The right side of the warehouse: Metrics stores, Reverse ETL 

[John] So we all know that the data warehouse has been coming around for a couple of years with Snowflake and the IPO and the rapid adoption, across everybody from small companies all the way through the enterprise. That’s been pretty clear cut. The thing that we find really interesting in the last year, is the proliferation of tooling on the right side of the data warehouse, or what happens after data hits the warehouse and how do you deal with it, how do you use it and so forth. In particular, there are two examples here, the first one of which is the metric store. So to explain how the metric store works, I’m going to talk through a quick example.

So let’s take a user table that we have; if Matt and myself are both looking to figure out DAUs or daily active users over a certain period of time, historically we’d probably look in our code base, we look at snippets of SQL that were shared amongst different members of the team. We’d manipulate them a little bit, to get a better sense of the window that we want to work with. Maybe, the segment of the DAUs that we want to look at, either by geography or by categorization, by product users, or something like that, and then we’d run the query. What happens here is that there’s going to be some amount of adjustments that we’re each doing on our own machines, which means that if we’re talking about the time periods, the characteristics, we might have queries that look pretty similar from the top level, but might have small adjustments, that would mean that ultimately, the data sets that we’re using and interpreting are not exactly the same. So this is where the metric store comes in.

The metric store sits on top of the data warehouse and is a unification layer that allows companies to define their key business metrics, and also control the dimensions of different dimensions of the metrics that can be served to the end users in a self-service manner. So if we think about the DAU aspect, DAUs will be defined as a verified, validated metric, where anytime the backend changes with either schema, pipeline or so forth, people who own the metric will go to the metric store, validate that, make sure that it’s still up to date, and then therefore anybody that is consuming that metric is going to be consuming the same definition and consumption and data set on the end, whether it’s through a BI tool, whether it’s through a query or anything else.

In the last year, we saw a lot of early stage funding going into metric stores, including Trace within our portfolio amongst others. And we’re excited to see this transition from being a staple and only big companies like the Airbnb’s in the world with Minerva, to being broadly available to anybody who’s using a data warehouse.
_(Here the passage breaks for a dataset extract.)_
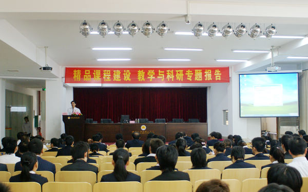 景志華教授首先作“省級精品課程建設(shè)”專題報告。景教授結(jié)合長春工程學(xué)院省級精品課程(翻譯)建設(shè)的實際案例,為我院精品課程的建設(shè)“出謀獻策”,從省級精品課程建設(shè)的申報條件、師資隊伍情況、學(xué)術(shù)水平、責(zé)任人教科研成果、獲獎情況等對申報省級精品課程所必備的條件作了詳細的講解,旨在讓我院教師真正掌握省級精品課程建設(shè)的重要意義和艱巨任務(wù)。在談到長春工程學(xué)院省級精品課程(翻譯)的成功經(jīng)驗時,景教授著重談了“資深教師對年輕教師的傳幫帶模式”,即資深老教師要負責(zé)幫助新教師成長,監(jiān)督新教師授課并進行指導(dǎo)和整改的模式。這種看似傳統(tǒng)的方法,在形成了良性循環(huán)之后,為新教師的成長帶來了不可磨滅的效用,可極大推動教學(xué)團隊的整體素質(zhì)。

The second piece that we’re excited about here is the reverse ETL. So historically on the warehouse side of the world, the warehouse was seen as a place to centralize operational data, whether it’s user data or anything around that, from upstream business applications, Salesforce, Zendesk, Gainsight and so forth. Data teams historically would conduct analysis here on that unified data, and pass insights onto the relevant operational teams. Reverse ETLs change this paradigm by closing the loop. So these tools enable companies to pipe the transformed unified data from the warehouse back into the upstream business systems from which the data was generated.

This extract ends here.